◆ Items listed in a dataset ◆
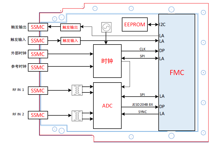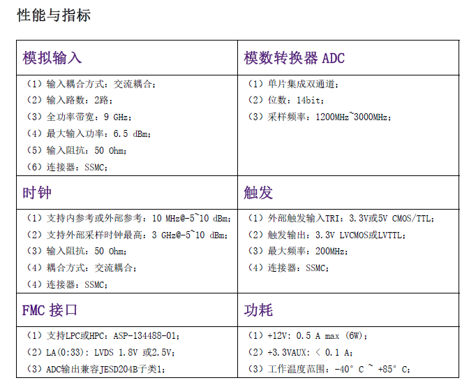 是一款2 路采样率最高为3000MSPS 的高速采集板,采样位数14bit,全功率模拟输入带宽可达到9GHz;板卡支持触发输出/触发输入;ADC 采样时钟源支持内部参考时钟、外部参考时钟、外部采样时钟三种方式,可通过SPI 总线实现时钟源选择,通过参考时钟可实现多个板卡的同步;板卡的电气与机械设计依据FMC 标准(ANSI/VITA 57.1),支持导冷,能够满足用户在特殊环境下的使用需求。
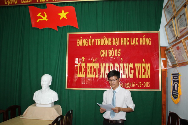 Được sự thống nhất của Ban Thường vụ Đảng ủy Khối, Đảng ủy trường Đại học Lạc Hồng, ngày 16 tháng 12 năm 2015 tại văn phòng Đảng ủy trường (Cơ sở 3, Đại học Lạc Hồng), Chi bộ 5 đã tiến hành tổ chức lễ kết nạp Đảng viên cho quần chúng xuất sắc Phan Đức Ngọc vào Đảng Cộng sản Việt Nam; Đến dự buổi lễ kết nạp có Đ/c Lê Sơn Quang – Ủy viên Ban Thường vụ Đảng ủy trường cùng toàn thể Đảng viên trong Chi bộ.
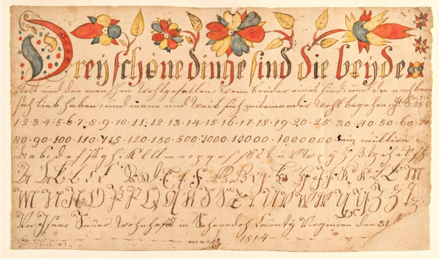 Jacob Strickler was a schoolmaster and fraktur artist who lived near Johannes Spitler. His earliest surviving work is dated 1787; Strickler produced different types of fraktur such as birth records, religious texts, and writing samples. Across the bottom of this Vorschrift, or writing sample, is the inscription (translation): “For Isaac Sauer living in Shenandoah County Virginia the 31st March 1814.” Isaac was the son of Balzer Sour (Sauer) (d. 1821), a Lutheran member of the Hawksbill Church near Luray in Shenandoah (now Page) County. Some of Strickler’s designs bear a striking similarity to those used on Johannes Spitler’s furniture, leading to speculation that the two artists may have collaborated from time to time.
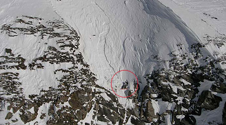 A reckless snowboarder clings to the mountainside inches from certain death on the edge of a cliff. . . He had left the safety of the piste . . . in search of fresh powder. . . After stopping he managed to dig away enough snow so his board wouldn’t slip while he waited for help.
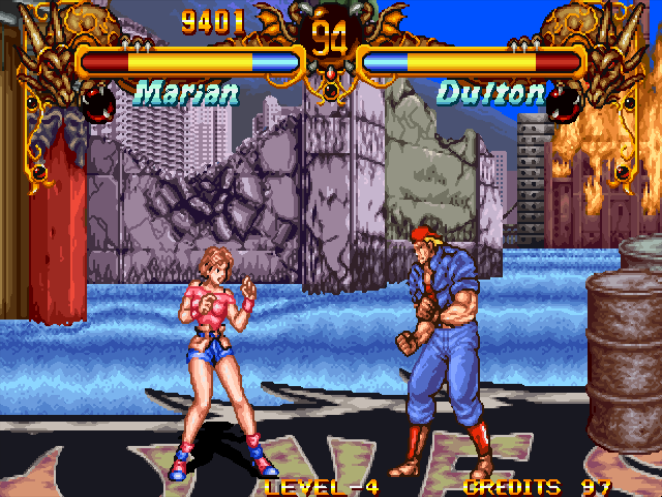 这一款街机游戏也算是当年街机游戏中的经典之作了,相信很多街机游戏老玩家应该对其有印象。当年在这款游戏中最受欢迎的角色就是玛丽,因为她的连招技能非常多,而且相当容易上手,随便组合都能打出一套连续技出去。她的招式不仅攻击速度非常之快,而且就连新手光用“前前C+C+其它键”来回搓,都能打出不错的效果来。
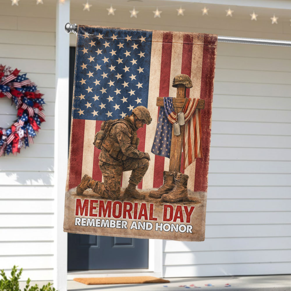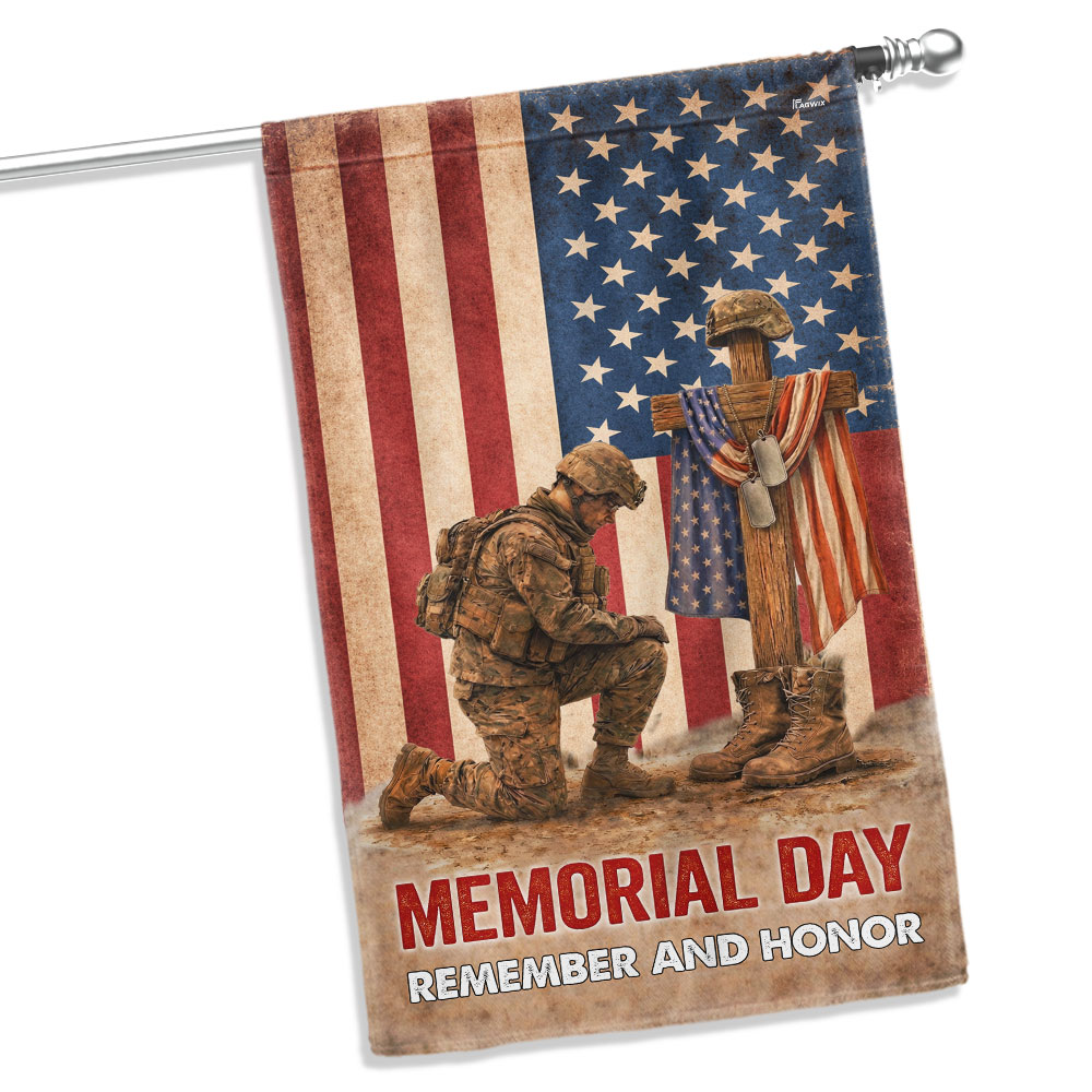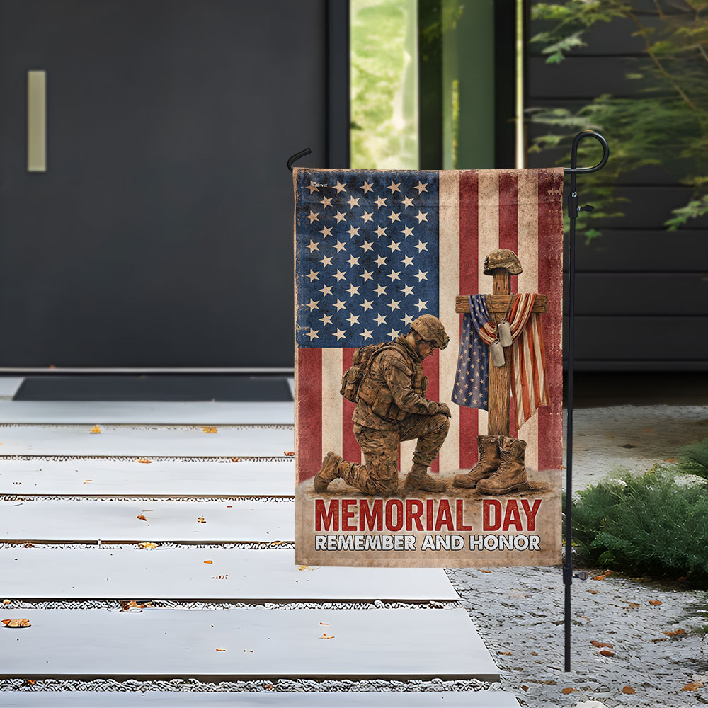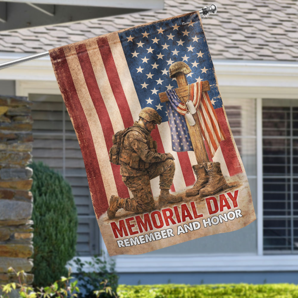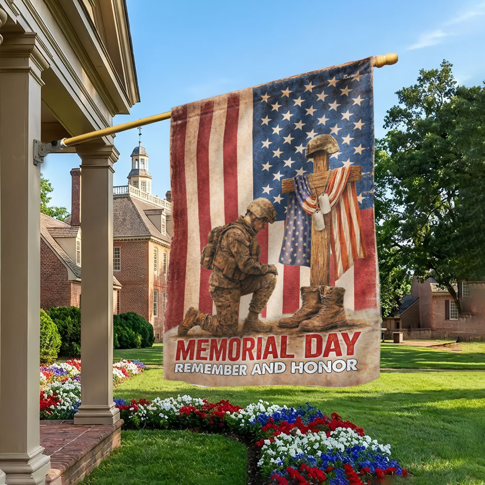 Vintage Memorial Day Flag, Remember and Honor Patriotic Cross US Flag
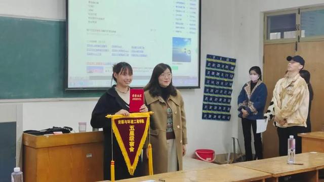 主持人宣读宿舍的得分及排名,获奖宿舍代表依次上台领奖,并与颁奖老师合影留念。(刘召统、李新娟、赵玉昊)

◆ Try it ◆
Of the entries above, print exactly those lines that run from the one containing "这一款街机游戏也算是当年街机" through the last line, excluding any pictures.

◆ Expected output ◆
 这一款街机游戏也算是当年街机游戏中的经典之作了,相信很多街机游戏老玩家应该对其有印象。当年在这款游戏中最受欢迎的角色就是玛丽,因为她的连招技能非常多,而且相当容易上手,随便组合都能打出一套连续技出去。她的招式不仅攻击速度非常之快,而且就连新手光用“前前C+C+其它键”来回搓,都能打出不错的效果来。
 Vintage Memorial Day Flag, Remember and Honor Patriotic Cross US Flag
 主持人宣读宿舍的得分及排名,获奖宿舍代表依次上台领奖,并与颁奖老师合影留念。(刘召统、李新娟、赵玉昊)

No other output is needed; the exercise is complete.